SourceBS-Net: learning COVID-19 pneumonia severity on a large Chest X-Ray dataset
Year2000
Data SourceCC BY-SA - https://paperswithcode.com

BS-Net is an architecture for COVID-19 severity prediction based on clinical data from different modalities. The architecture comprises 1) a shared multi-task feature extraction backbone, 2) a lung segmentation branch, 3) an original registration mechanism that acts as a ”multi-resolution feature alignment” block operating on the encoding backbone , and 4) a multi-regional classification part for the final six-valued score estimation.

All these blocks act together in the final training thanks to a loss specifically crated for this task. This loss guarantees also performance robustness, comprising a differentiable version of the target discrete metric. The learning phase operates in a weakly-supervised fashion. This is due to the fact that difficulties and pitfalls in the visual interpretation of the disease signs on CXRs (spanning from subtle findings to heavy lung impairment), and the lack of detailed localization information, produces unavoidable inter-rater variability among radiologists in assigning scores.
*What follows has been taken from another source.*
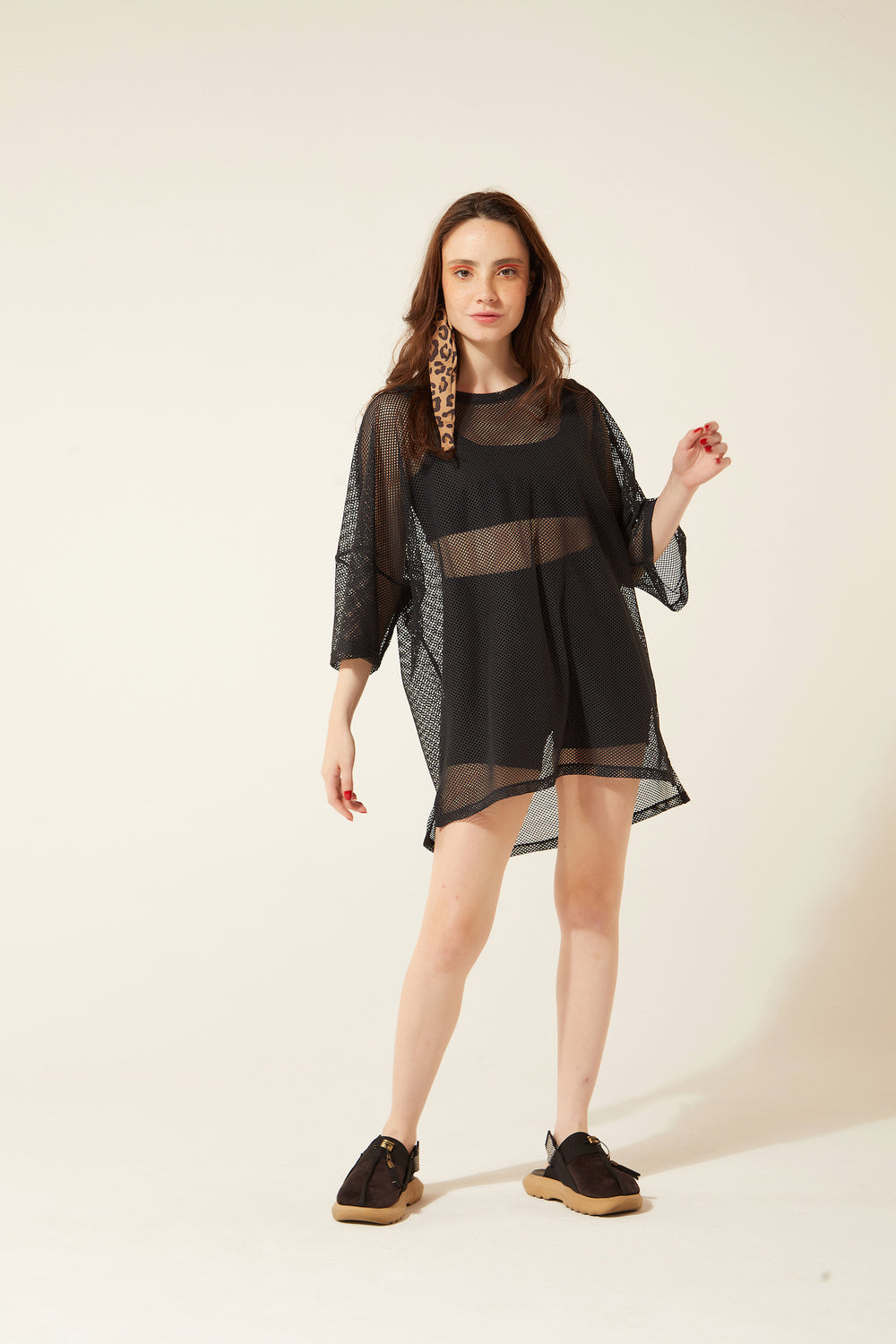 Um blusão amplo pra usar como vestido, se quiser. Todo feito pro movimento: mangas largas e parte de trás um pouco maior. Entrega transparência e looks icônicos com mil outras peças do armário!
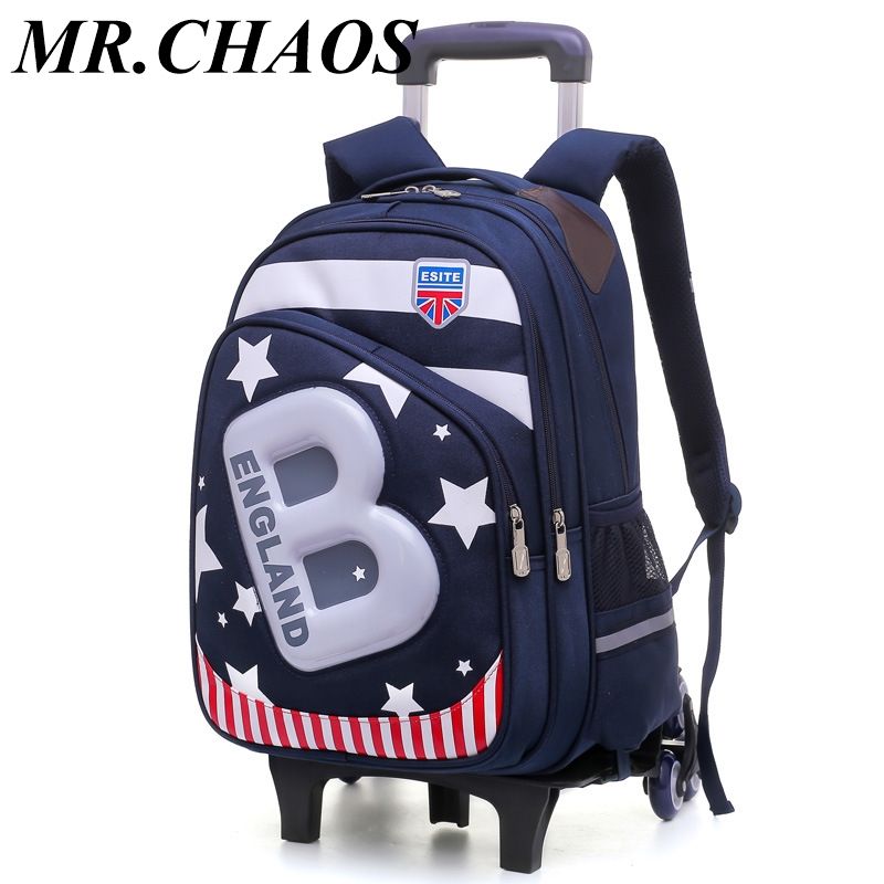 Children School Bag Boys Kids Wheels Removable Trolley School

Specifically the architectural details are:

  • The input image is processed with a convolutional backbone; the authors opt for a ResNet-18.
  • Segmentation is performed by a nested version of U-Net (U-Net++).
  • Alignment is estimated through the segmentation probability map produced by the U-Net++ decoder, which is achieved through a spatial transformer network -- able to estimate the spatial transform matrix in order to center, rotate, and correctly zoom the lungs. After alignment at various scales, features are forward to a ROIPool.
  • The alignment block is pre-trained on the synthetic alignment dataset in a weakly-supervised setting, using a Dice loss.
  • The scoring head uses FPNs for the combination of multi-scale feature maps. The multiresolution feature aligner produces input feature maps that are well focused on the specific area of interest. Eventually, the output of the FPN layer flows in a series of convolutional blocks to retrieve the output map. The classification is performed by a final Global Average Pooling layer and a SoftMax activation.
  • The Loss function used for training is a sparse categorical cross entropy (SCCE) with a (differentiable) mean absolute error contribution.